With this intent, the Woodland Cree were
offered the "take-it-or-leave-it" proposal previously offered to the
Lubicons, honey coated with a federal bribe of $1,000 for each family
member upon acceptance. After the vote, Ottawa reduced welfare payments
by $1,000.
In 1995, Alberta falsely stated that the
1988 Grimshaw Accord was predicated on population. The province backed
out of the Grimshaw Accord pointing to membership loss to the Woodland
Crees and the so-called Little Buffalo Crees (Lubicon Cree dissidents
organized by provincial agents). Getty and Ominayak both contradicted
the Alberta government’s disinformation that the negotiated reserve size
hinged on Lubicon population.
After the 1999 Lubicon acclamation of
Ominayak and the re-election of four of five councillors, ex-government
officials organized and financed a legal challenge of the election.

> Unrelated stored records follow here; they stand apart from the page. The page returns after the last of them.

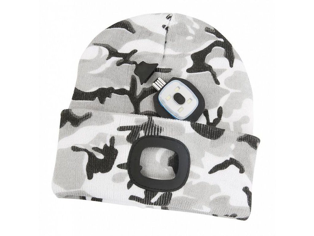 Čepice LED, 4x SMD LED, USB nabíjení, kamufláž šedá, uni
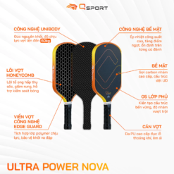Vợt Pickleball Qsport Ultra Power Nova sử dụng công nghệ ép nhiệt công suất cao, tăng điểm ngọt, ổn định trên từng cú đánh.
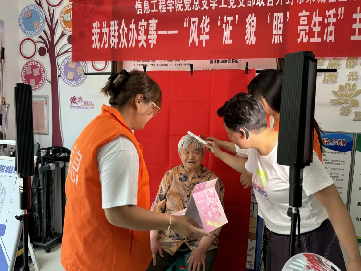 活动现场,信息工程公司的党员们布置好临时摄影场地,准备好专业摄影设备、背景布、灯光等器材。随着居民的陆续到来,党员们热情地迎上前去,耐心询问需求,帮助他们整理衣服、梳理头发,以专业的摄影技术和贴心的服务,为居民拍摄证件照。
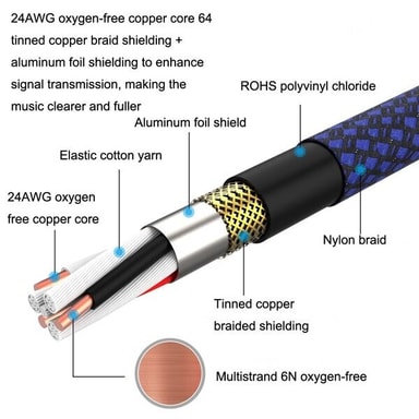 Mikrofonikaapelimme on valmistettu puuvilla- ja nailonseoksesta, mikä tekee siitä kestävän ja pitkäikäisen. Metallikuori on elektrolyyttisesti päällystetty sekä kauniuden että kestävyyden vuoksi ja häiriöiden välttämiseksi. Kaapelissa on 24AWG hapoton kuparilanka, jossa on 64 tinattua kuparipunosta + alumiinifoliopunokset signaalin siirron parantamiseksi, mikä tekee musiikista selkeämpää ja täyteläisempää. Lisäksi nailonverkko parantaa kaapelin vetolujuutta ja kestävyyttä. Kaapeli on pehmeä, kestävä, hyönteis- ja purentakestävä.
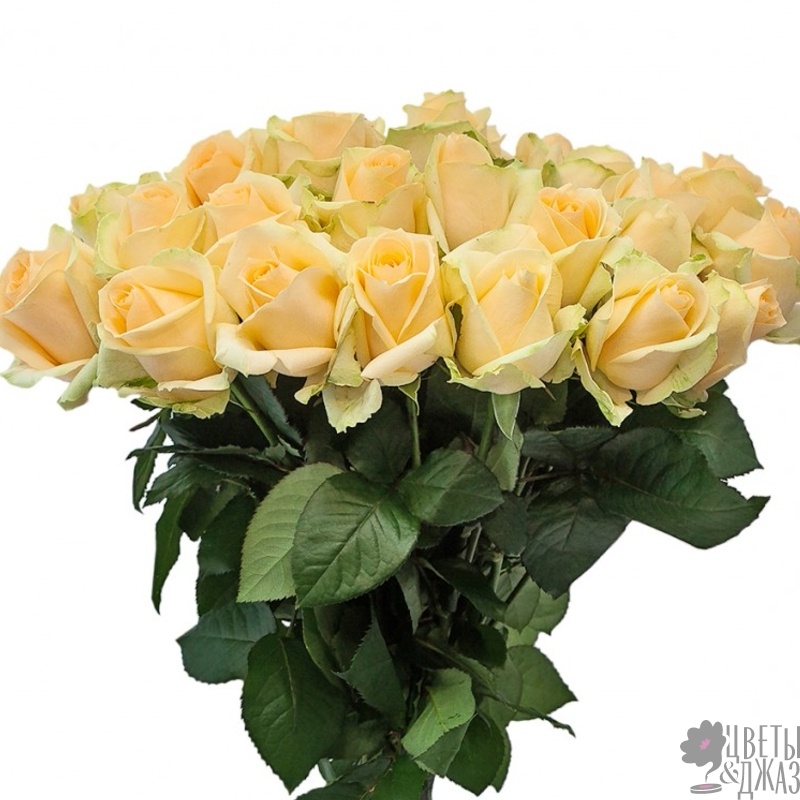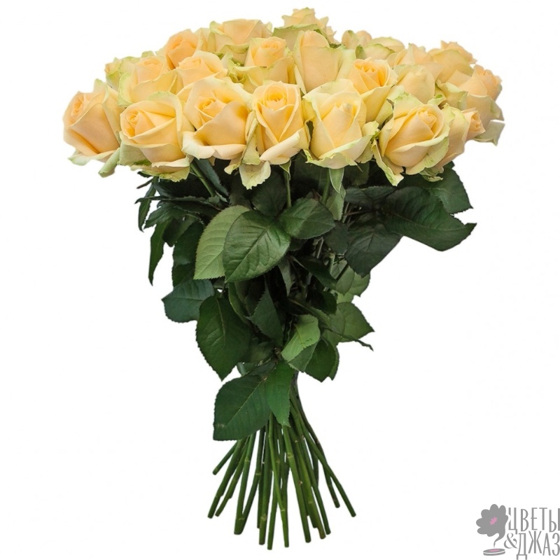 Букет состоит из 31 кремовая роза, прозрачная упаковка, атласная лента.
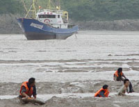 遇险渔民弃船上岸

Kevin Thomas, a negotiator for the Lubicon Lake First Nation said the
legal challenge “went nowhere.” It has been adjourned without a date.
Government chicanery was also on display
in 2000, when the Whitefish Lake First Nation announced logging within
the Lubicons' traditional territory. The Lubicons regarded this as
federal-provincial duplicity. The next year, three neighboring bands
flush with federal funds for logging activities, began clear-cutting
within Lubicon traditional territory.
Original Peoples must not be construed as
a monolith. Divide-and-conquer tactics work only insofar as sufficient
numbers of individuals can be bribed -- something that theoretically is
easier to achieve in a community rendered dependent. Marie Smallface
Marule of the Blood Nation of the Blackfoot Confederacy recognized this:
“[W]e must beware of the traitors in our midst -- those of our people
who have already accepted elitism, materialism, and individualism, who
are trying to convince us that the Canadian way is the only way.”
(20)
The Canadian Genocide Machine
Spurred by the Lubicon struggle, the World
Council of Churches wrote then prime minister Pierre Trudeau a letter
that charged “the Alberta Provincial Government and dozens of
multi-national oil companies have taken actions which could have
genocidal consequences.” It was further charged that it was the Canadian
government’s “constitutional right, power and responsibility to ensure
the general welfare and wellbeing [sic] of Canadian Indians. … to ensure
that traditional and aboriginal rights are upheld and respected. … to
ensure the just and equitable settlement of legitimate Indian rights and
claims.” Ominously, the letter warned that “disasterous [sic]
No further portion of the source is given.